--- WHAT TO PRODUCE ---
Restate every line below word for word, but drop each picture.

--- DATA EXCERPT ---
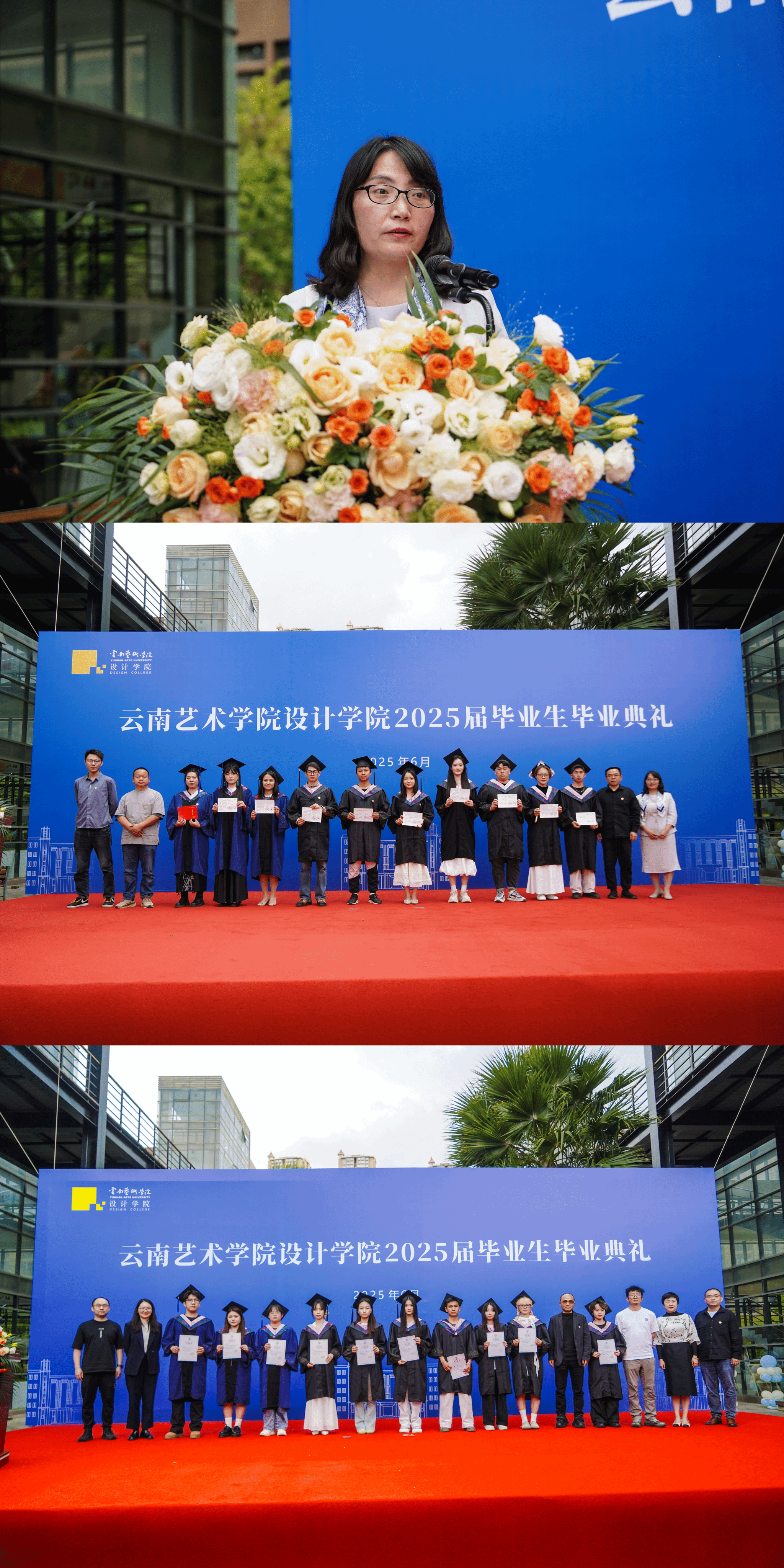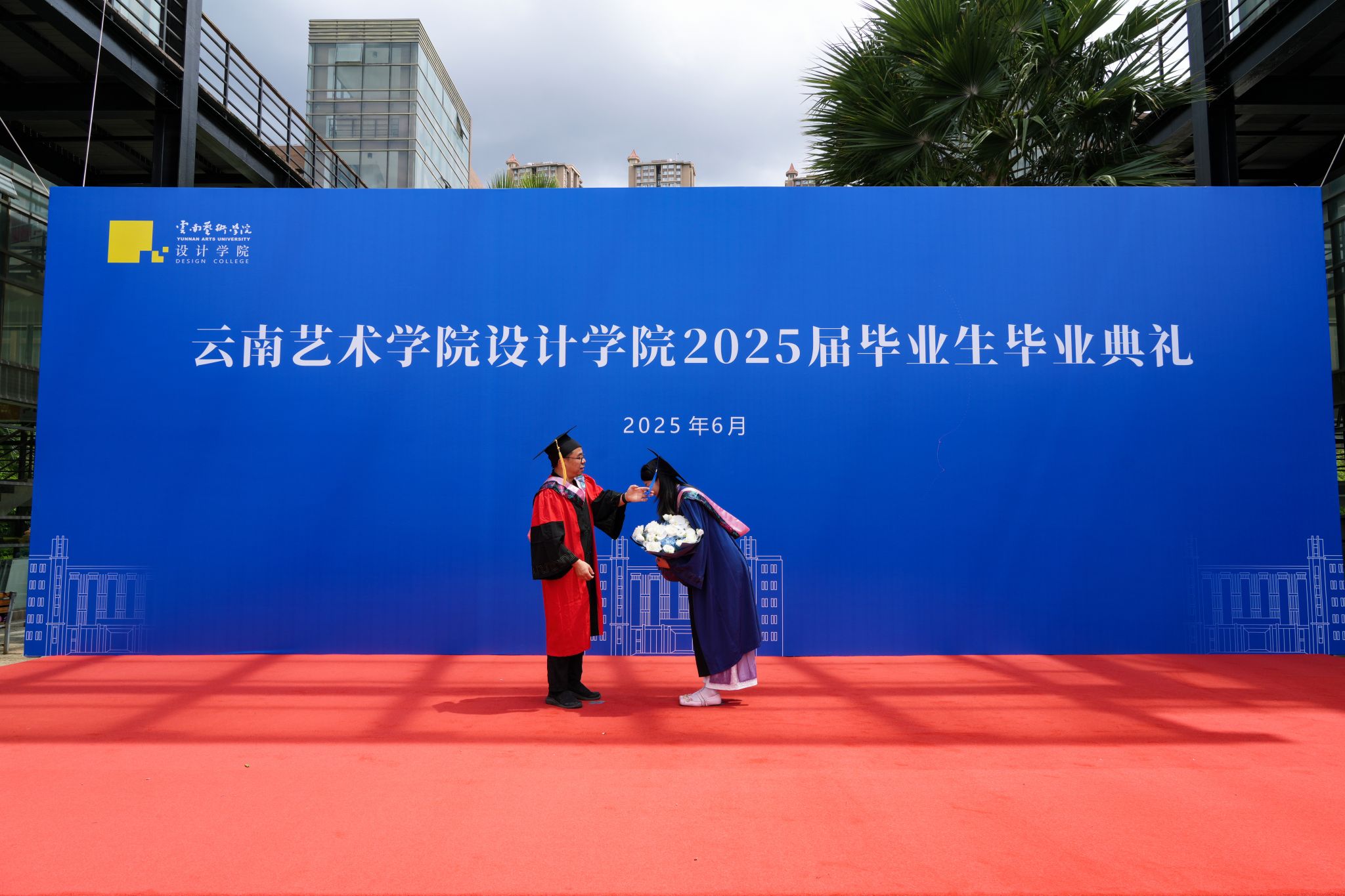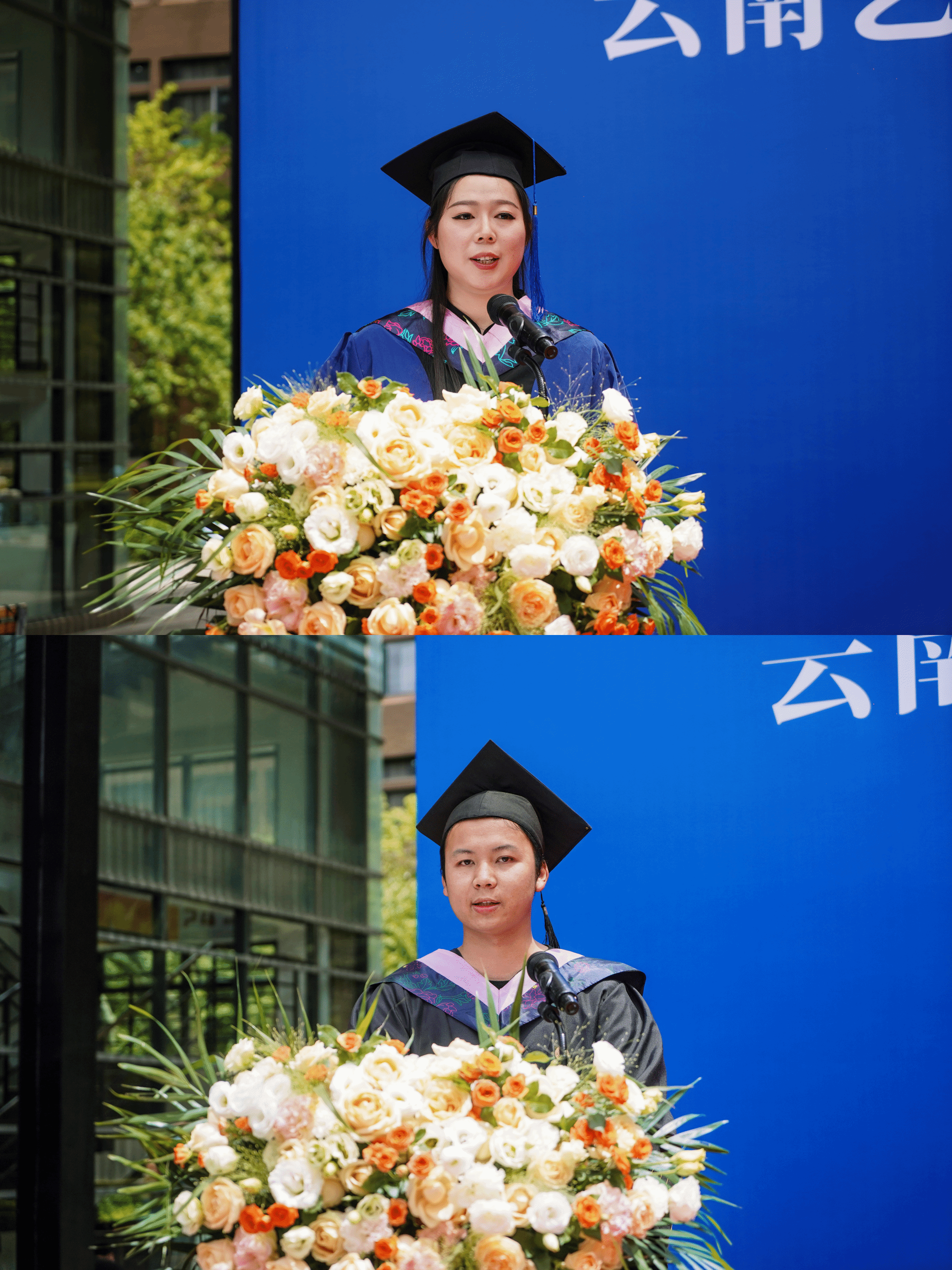 毕业生们身着学士服、硕士服,佩戴纪念校徽入场,领取公司为同学精心准备的饱含美好祝福的向日葵,并在签名墙前签名留念,与到场的老师和部分家长共同见证这场对于毕业生而言意义非凡的毕业典礼。
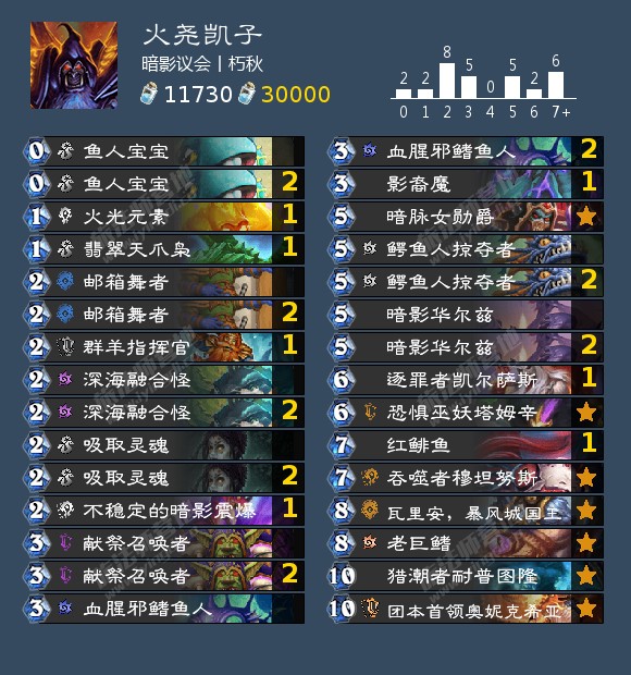 核心单卡便是这张新卡逐罪者凯尔萨斯,献祭召唤者可以用来点掉暗影华尔兹的5费衍生物及其他5费生物来从牌库中召唤凯子。我使用现版本的卡进行了相应的替换找旅店老板(为什么不找黑手)实验了几把,凯子基本都能准时使用,问题是在那之后你要怎么赢?在这之前你又要怎么混?目前还是不太好说。其他可以提的就是带上雷矛元帅之类的牌更好的混日子并提供1费随从投资凯子。
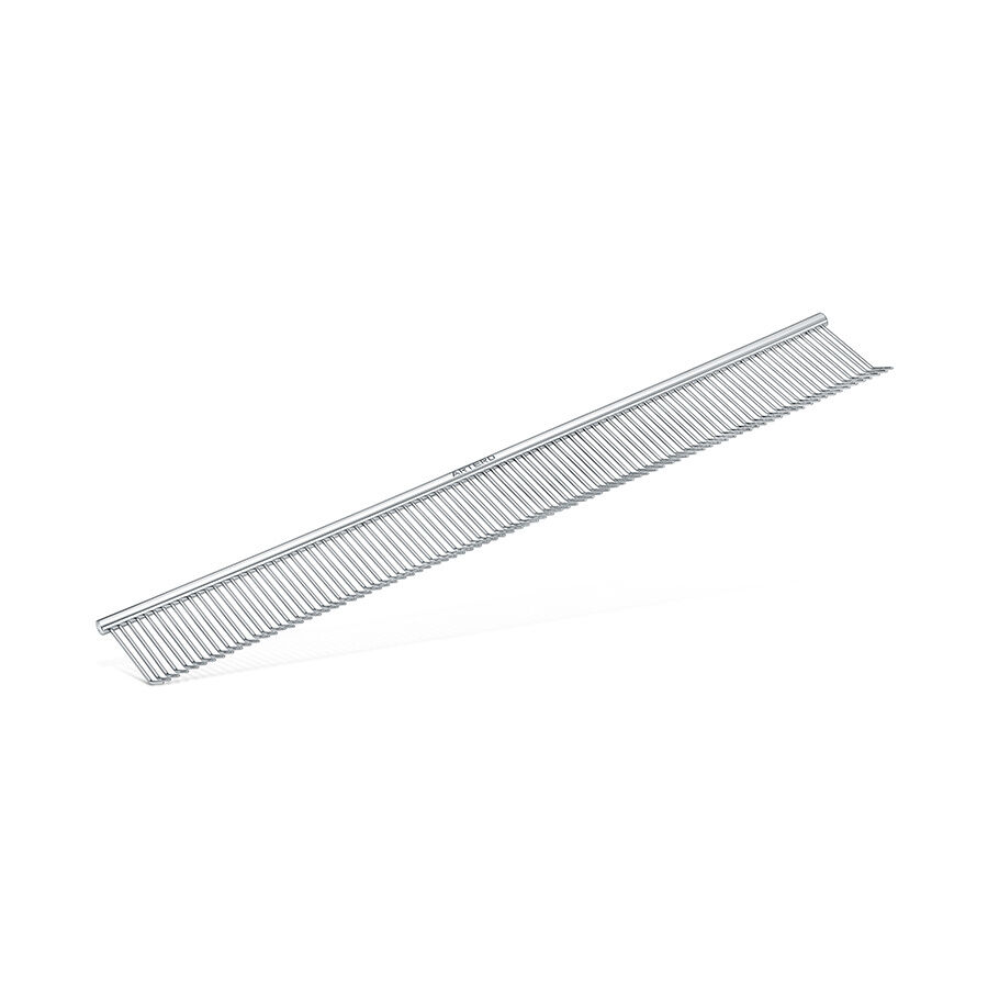 Dog finishing comb with copper handle and stainless steel pins, with nickel-plated mirror effect coating. The angle of its pins manages to help lift the hair and lift it with greater comfort, its coating with a slide penetrates the mantle easily to stretch from the root. The high-quality material of the picks gives memory to the shape so that when we force the spikes they recover their position immediately.
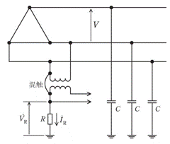 さて、実際の高圧線は広範囲に亘って張られており、電線と大地間に浮遊する静電容量が無視できません。3本線それぞれの浮遊容量をC、B種接地抵抗をRとして右図のような等価回路を考えます。高圧線が低圧線に混蝕したときの地絡電流は、変圧器の2次側のB種接地から大地に流れ、高圧線の浮遊容量を経由して高圧線に戻ります。

--- EXERCISE RESPONSE ---
 毕业生们身着学士服、硕士服,佩戴纪念校徽入场,领取公司为同学精心准备的饱含美好祝福的向日葵,并在签名墙前签名留念,与到场的老师和部分家长共同见证这场对于毕业生而言意义非凡的毕业典礼。
 核心单卡便是这张新卡逐罪者凯尔萨斯,献祭召唤者可以用来点掉暗影华尔兹的5费衍生物及其他5费生物来从牌库中召唤凯子。我使用现版本的卡进行了相应的替换找旅店老板(为什么不找黑手)实验了几把,凯子基本都能准时使用,问题是在那之后你要怎么赢?在这之前你又要怎么混?目前还是不太好说。其他可以提的就是带上雷矛元帅之类的牌更好的混日子并提供1费随从投资凯子。
 Dog finishing comb with copper handle and stainless steel pins, with nickel-plated mirror effect coating. The angle of its pins manages to help lift the hair and lift it with greater comfort, its coating with a slide penetrates the mantle easily to stretch from the root. The high-quality material of the picks gives memory to the shape so that when we force the spikes they recover their position immediately.
 さて、実際の高圧線は広範囲に亘って張られており、電線と大地間に浮遊する静電容量が無視できません。3本線それぞれの浮遊容量をC、B種接地抵抗をRとして右図のような等価回路を考えます。高圧線が低圧線に混蝕したときの地絡電流は、変圧器の2次側のB種接地から大地に流れ、高圧線の浮遊容量を経由して高圧線に戻ります。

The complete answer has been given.